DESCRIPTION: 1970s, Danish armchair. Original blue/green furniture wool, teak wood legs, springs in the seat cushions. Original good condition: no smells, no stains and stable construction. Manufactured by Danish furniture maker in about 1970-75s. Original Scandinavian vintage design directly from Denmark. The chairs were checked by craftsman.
==
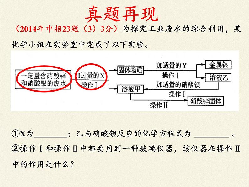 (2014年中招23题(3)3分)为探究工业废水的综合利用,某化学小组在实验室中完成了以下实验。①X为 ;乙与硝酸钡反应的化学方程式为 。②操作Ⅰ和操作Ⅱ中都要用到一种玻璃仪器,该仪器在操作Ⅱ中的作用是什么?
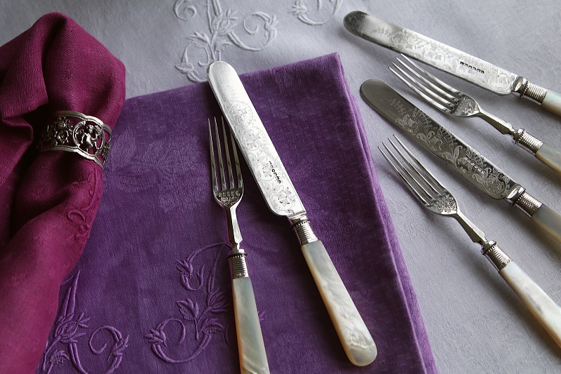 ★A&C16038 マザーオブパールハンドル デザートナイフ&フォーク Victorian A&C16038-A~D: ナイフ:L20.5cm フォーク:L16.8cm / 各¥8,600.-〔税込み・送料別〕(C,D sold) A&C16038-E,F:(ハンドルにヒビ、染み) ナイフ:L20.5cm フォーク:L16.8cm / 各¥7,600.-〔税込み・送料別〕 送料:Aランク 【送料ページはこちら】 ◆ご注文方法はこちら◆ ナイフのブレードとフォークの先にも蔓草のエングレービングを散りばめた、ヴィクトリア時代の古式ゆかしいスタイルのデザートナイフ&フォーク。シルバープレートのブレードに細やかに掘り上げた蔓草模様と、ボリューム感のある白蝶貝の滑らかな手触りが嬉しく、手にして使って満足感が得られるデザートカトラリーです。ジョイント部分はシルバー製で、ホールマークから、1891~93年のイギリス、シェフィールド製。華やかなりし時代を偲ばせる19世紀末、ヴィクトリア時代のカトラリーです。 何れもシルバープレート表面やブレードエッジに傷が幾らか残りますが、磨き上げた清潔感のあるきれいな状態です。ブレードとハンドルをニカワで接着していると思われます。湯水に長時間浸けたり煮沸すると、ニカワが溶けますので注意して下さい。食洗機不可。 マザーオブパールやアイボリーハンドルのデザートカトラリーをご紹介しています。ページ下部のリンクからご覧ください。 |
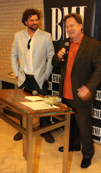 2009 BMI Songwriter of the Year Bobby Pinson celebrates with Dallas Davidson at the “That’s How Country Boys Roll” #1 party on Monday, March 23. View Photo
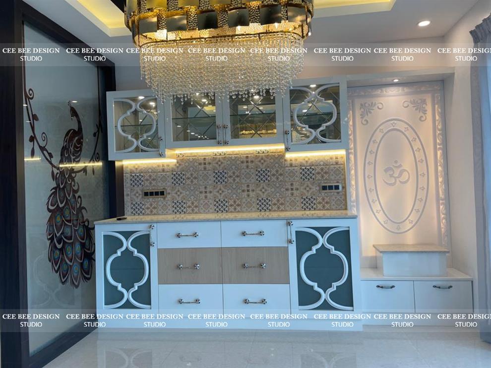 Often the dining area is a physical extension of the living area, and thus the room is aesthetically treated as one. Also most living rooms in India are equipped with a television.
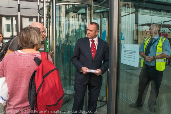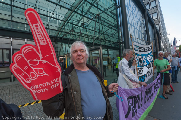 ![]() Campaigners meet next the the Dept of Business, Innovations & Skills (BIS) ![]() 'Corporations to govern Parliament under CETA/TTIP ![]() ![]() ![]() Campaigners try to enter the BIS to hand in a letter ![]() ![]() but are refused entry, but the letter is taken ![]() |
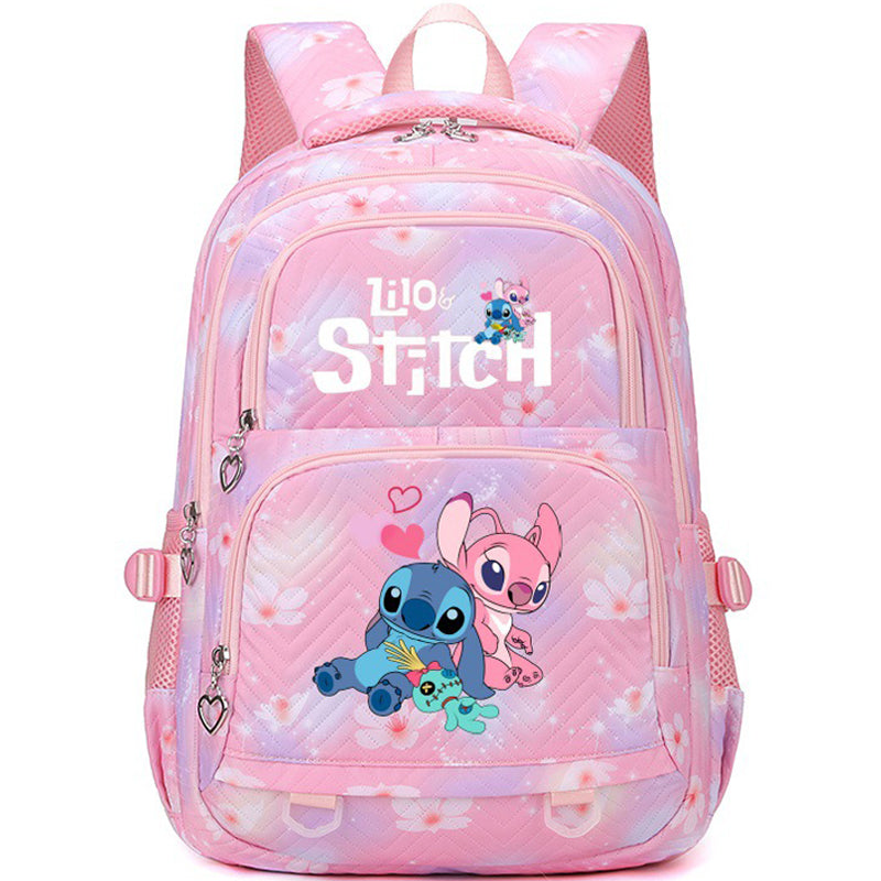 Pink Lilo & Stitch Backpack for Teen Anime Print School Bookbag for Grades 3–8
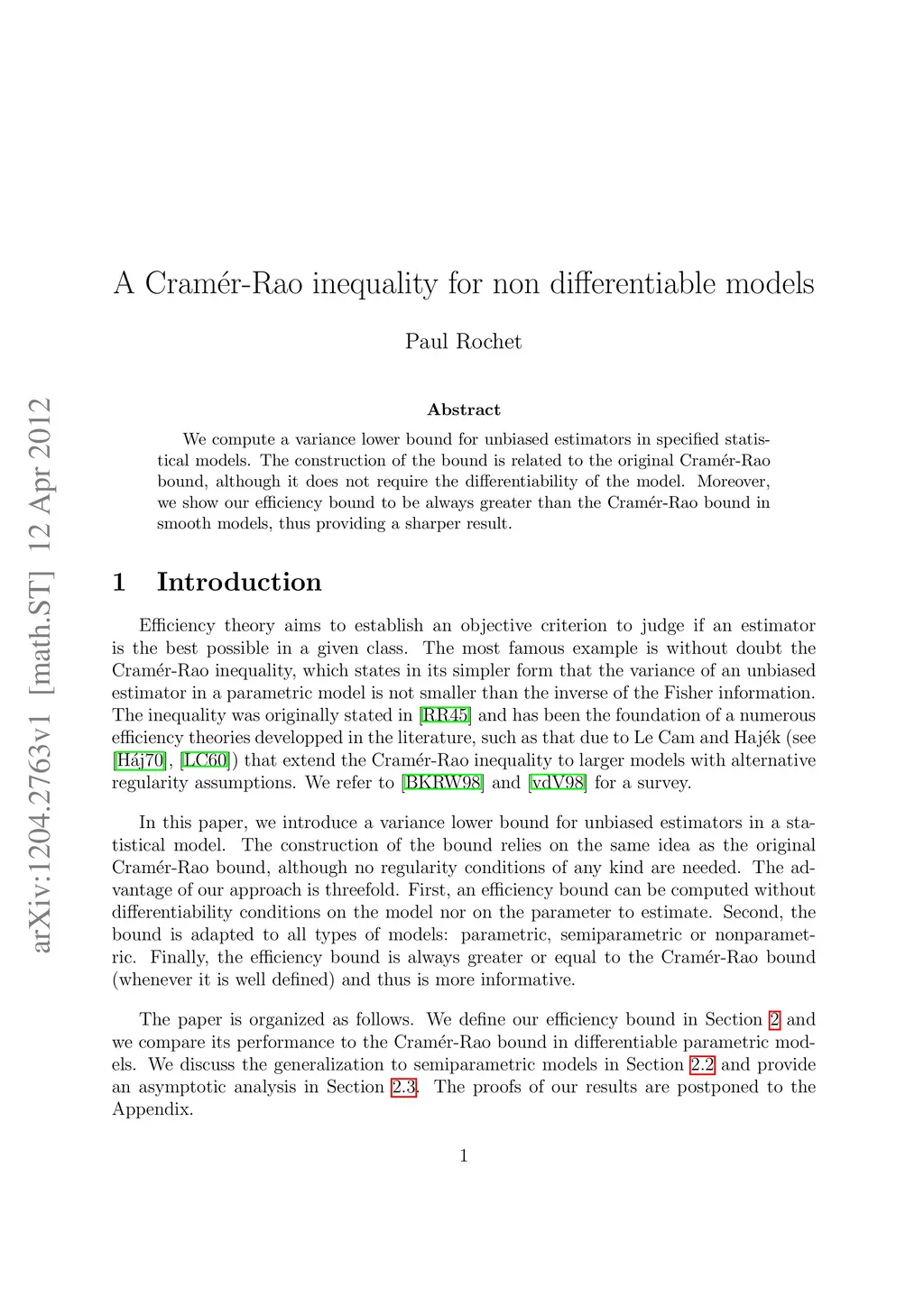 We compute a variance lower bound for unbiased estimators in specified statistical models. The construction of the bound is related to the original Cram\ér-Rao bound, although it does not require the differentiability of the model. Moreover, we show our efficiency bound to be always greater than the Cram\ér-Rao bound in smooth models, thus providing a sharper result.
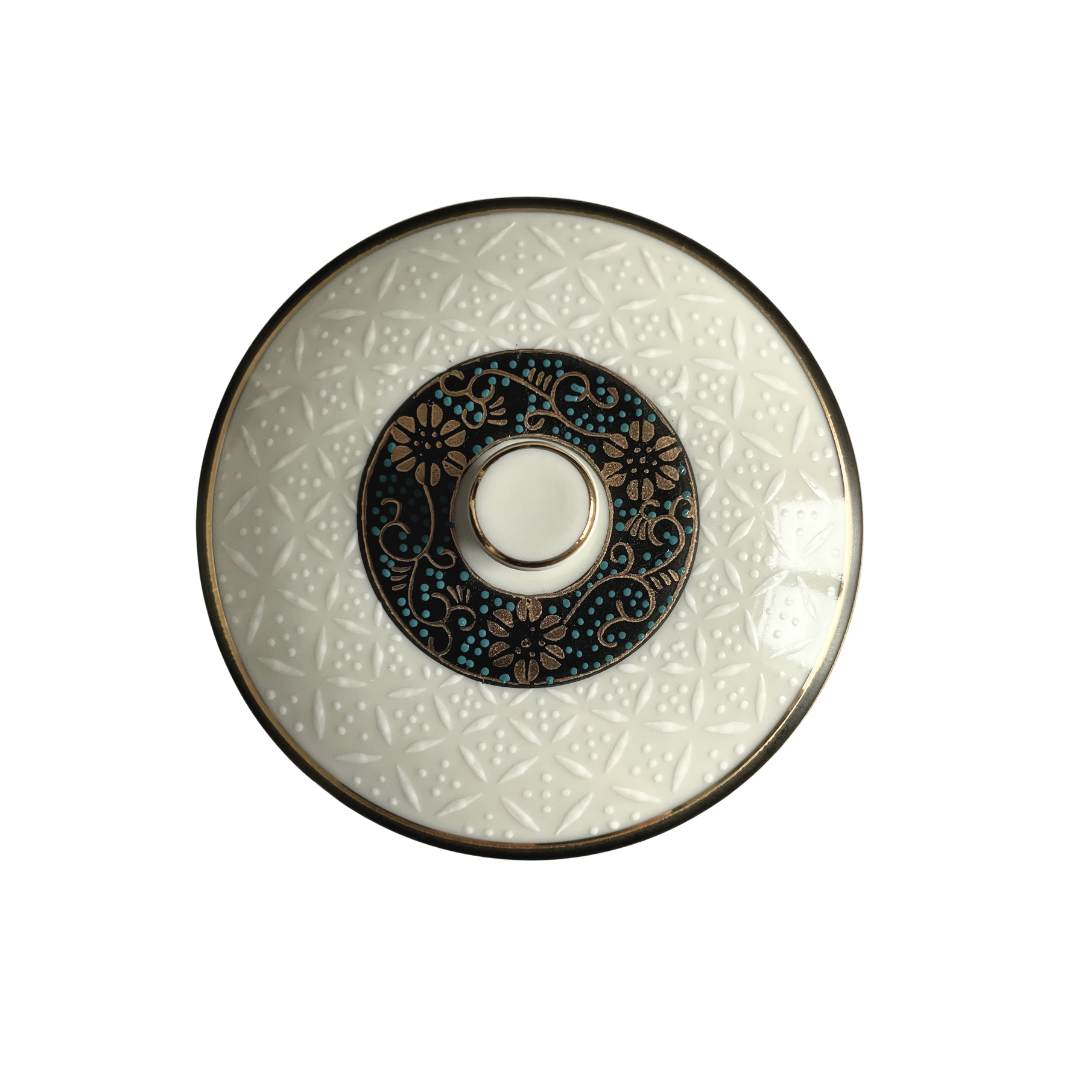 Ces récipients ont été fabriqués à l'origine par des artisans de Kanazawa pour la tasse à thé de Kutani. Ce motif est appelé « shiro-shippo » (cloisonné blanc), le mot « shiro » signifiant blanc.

### WHAT THE TASK REQUIRES
To complete this exercise, transcribe exactly the lines above from the one that holds "Pink Lilo &" through the one that holds "Ces récipients ont". Pictures stay out.

### ANSWER SECTION
 Pink Lilo & Stitch Backpack for Teen Anime Print School Bookbag for Grades 3–8
 We compute a variance lower bound for unbiased estimators in specified statistical models. The construction of the bound is related to the original Cram\ér-Rao bound, although it does not require the differentiability of the model. Moreover, we show our efficiency bound to be always greater than the Cram\ér-Rao bound in smooth models, thus providing a sharper result.
 Ces récipients ont été fabriqués à l'origine par des artisans de Kanazawa pour la tasse à thé de Kutani. Ce motif est appelé « shiro-shippo » (cloisonné blanc), le mot « shiro » signifiant blanc.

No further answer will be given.